Lapid a clairement arrimé Israël à l’Occident en condamnant la Russie sans détour. Craignant pour sa part d’inscrire Israël dans un conflit sans issue, Bennett a déclaré que ce conflit ne regardait pas le pays.
Ces différentes approches ont révélé les dangers auxquels Israël fait face, alors qu’un nouveau conflit déchire le continent européen : prendre le parti des valeurs occidentales adoptées par Israël depuis sa création ou garder un œil sur le colosse russe qui se profile aux portes d’Israël, en Syrie.

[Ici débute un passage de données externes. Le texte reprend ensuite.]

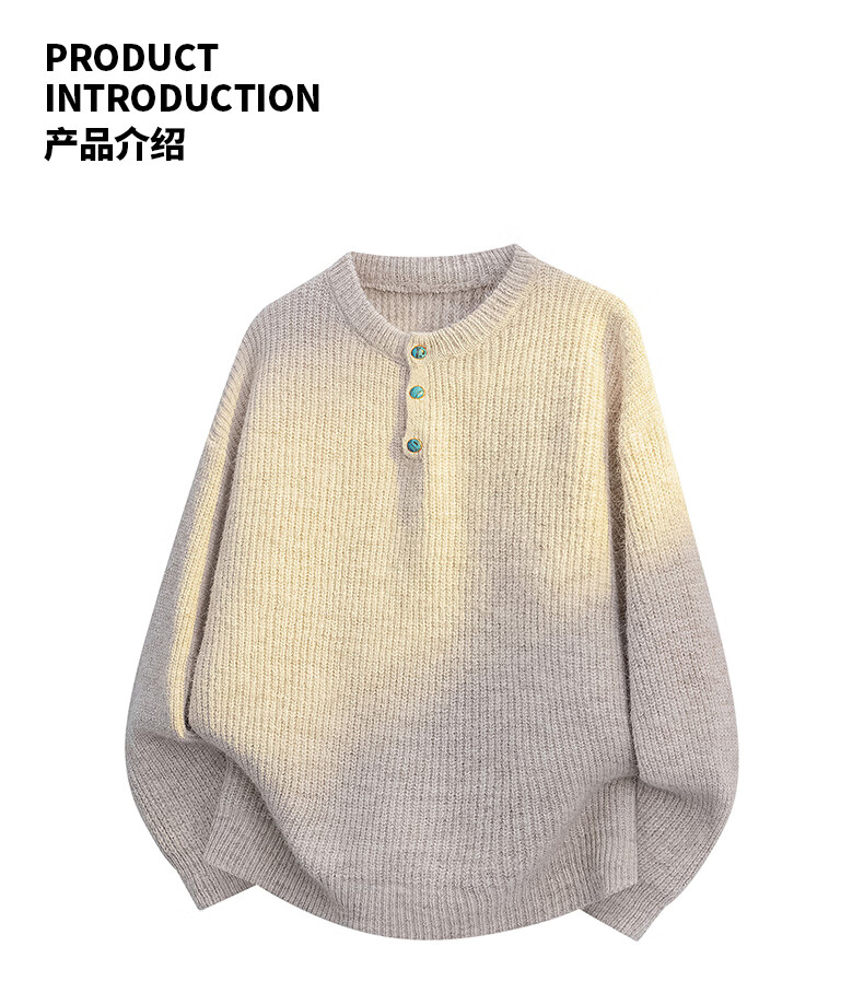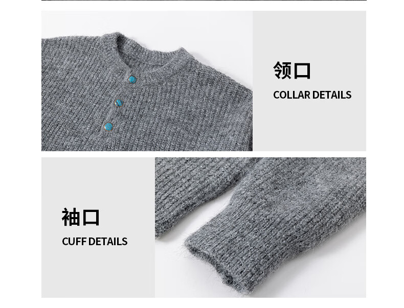 Geslandi American Henry collar sweater for men 2025 autumn and winter new trendy brand high-end lazy style inner sweater gray XL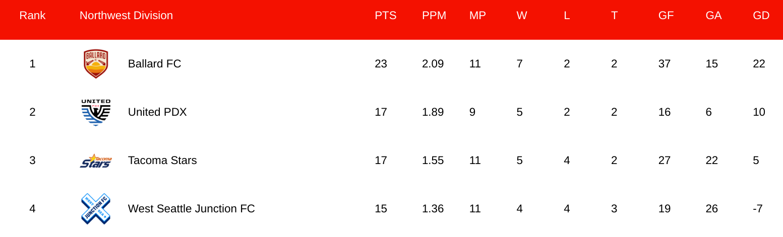 A recent surge by United PDX puts them as the only Oregon team in the top 6 of the Northwest Division. Ballard still rules.

« L’attaque russe contre l’Ukraine est une grave violation de l’ordre international », a déclaré Lapid lors d’une conférence de presse et jeudi à midi sur Twitter. « Israël condamne cette attaque. »
Bennett a quant a lui publié sa première déclaration sur la guerre tard jeudi soir, évoquant l’évacuation des ressortissants Israéliens, le soutien apporté aux Juifs désireux de quitter le pays ou encore l’offre d’aide humanitaire. Il n’a porté aucune accusation, ni cherché de responsable, se contentant de rappeler qu’il y aurait « des discussions et une évaluation régulière de la situation afin d’anticiper de possibles conséquences (si tant est qu’il y en ait) pour Israël ».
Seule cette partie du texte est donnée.